В наш век слепцам безумцы вожаки».

Именно в таком варианте перевода (Б. Пастернака) многие граждане СССР (включая меня) впервые познакомились с поучительным содержанием «Короля Лира», посмотрев одноименный фильм режиссёра Г. Козинцева. Он же экранизировал «Гамлета», получив за эту работу Ленинскую премию — высшую форму поощрения в Советском Союзе, уступавшую по значимости лишь званию «Герой социалистического труда». Но всенародную известность и признательность советского зрителя Козинцев сыскал не за фильмы по Шекспиру (вызывающие, к слову, рискованные реминисценции у продвинутой публики), а за революционную кинотрилогию о Максиме («Юность Максима» и пр.), снятую вместе с режиссёром Л. Траубергом.

Большую популярность благодаря трилогии получил в народе романс 19-го века «Крутится, вертится шар голубой…», который любил напевать главный герой.

*

Из всех искусств для нас важнейшим является кино — выражение, ставшее крылатым ещё в 20-е годы прошлого столетия, со слов наркома (народного комиссара) просвещения РСФСР А. Луначарского приписывается председателю Совета народных комиссаров РСФСР В. Ульянову-Ленину. Но фактов, подтверждающих версию Луначарского, история не сохранила.


Пролог

*

Вас этот век — подразумевается 20-й век в отличие от 19-го, о котором русский поэт А. Блок написал в поэме «Возмездие»: «Тот век немало проклинали и не устанут проклинать. И как избыть его печали? Он мягко стлал — да жёстко спать…» Ну а отношение к начинающемуся 20-му веку Блок выразил следующими строками: «И отвращение от жизни, и к ней безумную любовь, и страсть и ненависть к отчизне… И чёрная, земная кровь сулит нам, раздувая вены, все разрушая рубежи, неслыханные перемены, невиданные мятежи…»

*

Как вор в законе — понятие «вор в законе» возникло в СССР в 30-х годах прошлого века и напрямую связано с политическими и социальными процессами, происходившими в государстве «победившего пролетариата». Основной причиной появления новой воровской элиты в лице «воров в законе» считается противостояние в уголовном мире Страны Советов «уркаганов» и «жиганов». К «уркаганам» относили бандитов старой формации из числа «простого народа» — крестьян, рабочих и разночинцев, занимавшихся криминальным промыслом с целью добычи материальных средств.

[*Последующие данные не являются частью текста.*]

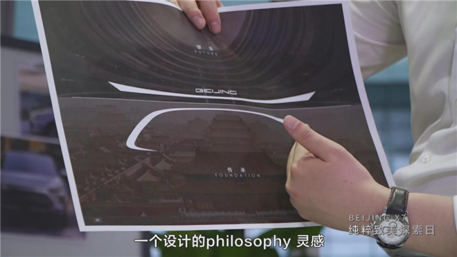 在“純粹致美探索日”活動直播中有個橋段相信都令人印象深刻,通過BEIJING汽車設計總監Frank Wu講述,為我們展示了“大都致美”設計靈感的起源,以及BEIJING-X7在紙上的第一筆由來。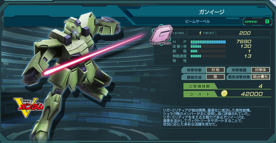 一覧 量産機 | エース | MA 最終ステータス 量産機 | エース | MA 比較データ エースGバースト | シリーズ別早見表 | 特性早見表| MS索引 赤字はレベルアップによるMAX値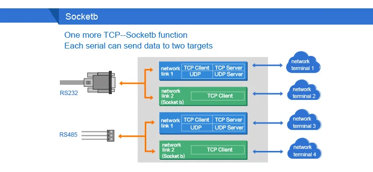 TCP Server,TCP Client,UDP,UDP Server and HTTPD Client work mode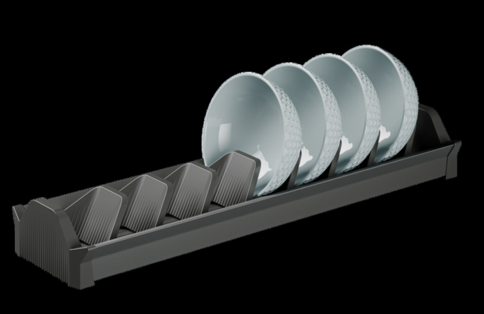 Praktický držák a odkapávač na misky do zásuvek pro hloubku 500 mm s přizpůsobitelnými příčkami.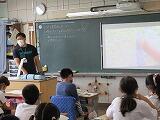 今日の社会は,「どうして東京湾ぞいに工場がたくさんあるのだろうか」をテーマに学習を進めました。担任の松葉先生が地図を実物投影機で黒板のスクリーンに映し出し,それを見ながら気づいたことを発表し合っていました。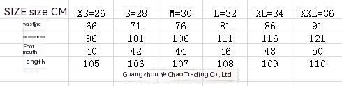 Size: XS = 26,S = 28,30 = M,32 = L,34 = XL,36 = XXL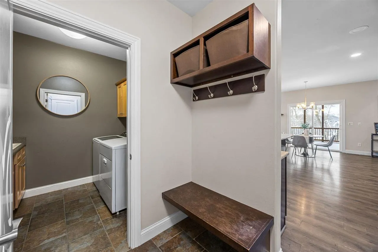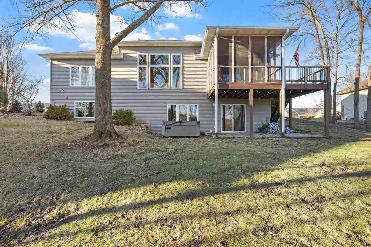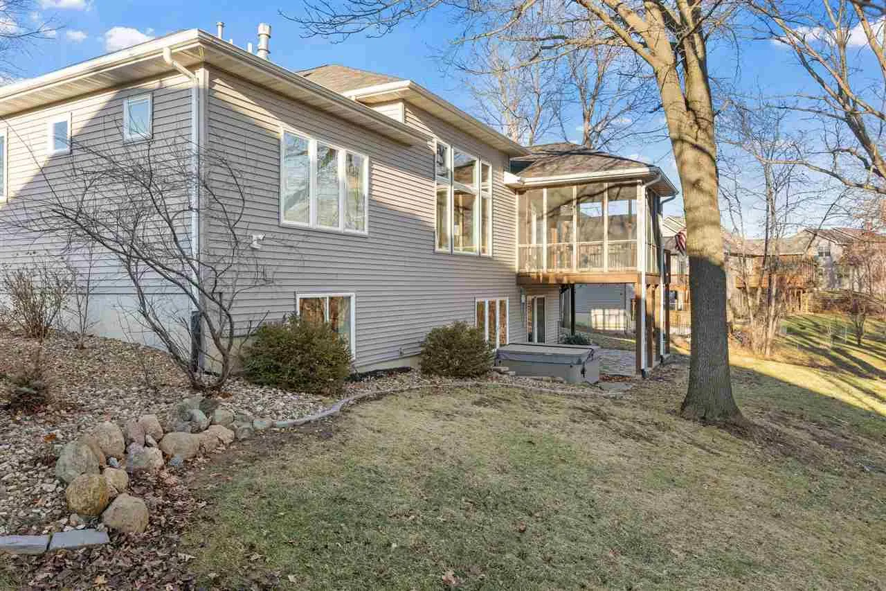 Gorgeous brick ranch home in the popular Cedar Springs neighborhood. Wooded backyard and a flat outdoor space—close to Coralville Lake with easy access to Iowa City and Cedar Rapids. Connected to nature while still close to everything. Inside, you’ll find an open floor plan with 12’ ceilings, expansive windows, and bamboo hardwood flooring. The living room centers around a stone fireplace with built-ins. The kitchen has a large granite island, cherry cabinetry, walk-in pantry, and a gas stove. Each space offers room to gather with the dining room easily seating twelve. Convenient drop zone, half bath, and laundry room with washer, dryer, and utility sink are just steps away. The screened-in porch with adjoining grill deck extends your living space outdoors—perfect for quiet mornings or entertaining. The primary suite offers a true retreat: soaking tub, walk-in tiled shower, and radiant floor heating. Two additional bedrooms and a full bath complete the main level. Downstairs is spacious and perfect for movie nights in, featuring a wet bar, two more bedrooms, a full bath, and walkout access to the patio and backyard. Enjoy wooded views, green space, and a peaceful setting. Roof replaced in 2025, new water heater in 2025. Bullfrog hot tub stays with the property. New screens in screened porch. Washer and dryer stay with the home.

Костяк «жиганов» составляли бывшие дворяне и представители зажиточных слоёв (среднего класса) Российской империи, в годы Гражданской войны воевавшие, как правило, на стороне «белых». Они грабили и разбойничали не только по меркантильным, но и по идеологическим причинам, не желая подчиняться законам нового государства.

В конце двадцатых — начале тридцатых годов между «жиганами» и «уркаганами» развязалась жестокая борьба за главенство в криминальном мире. Последних в этой борьбе не на живот, а на смерть поддерживали власти, считая их «классово близкими». В результате затяжного конфликта формальную победу одержали «уркаганы» (они же — «честные урки»), но в конечном итоге исчезли и они, и «жиганы». А на смену (социальные общности не терпят пустот) пришли новые криминальные «авторитеты» — «воры в законе» со своим особым кодексом поведения, предписывающим «жить по понятиям».

Краеугольными положениями этого «кодекса» стали отрицание общественных норм и строгий запрет на сотрудничество с властями в любой форме. В том числе — запрет на участие в общественно-политической деятельности, на службу в армии, работу и даже на создание семьи. Ведь согласно советской доктрине построения новой общественно-экономической формации семья считалась важной «ячейкой общества». А «воры в законе» становиться подобной ячейкой категорически не желали.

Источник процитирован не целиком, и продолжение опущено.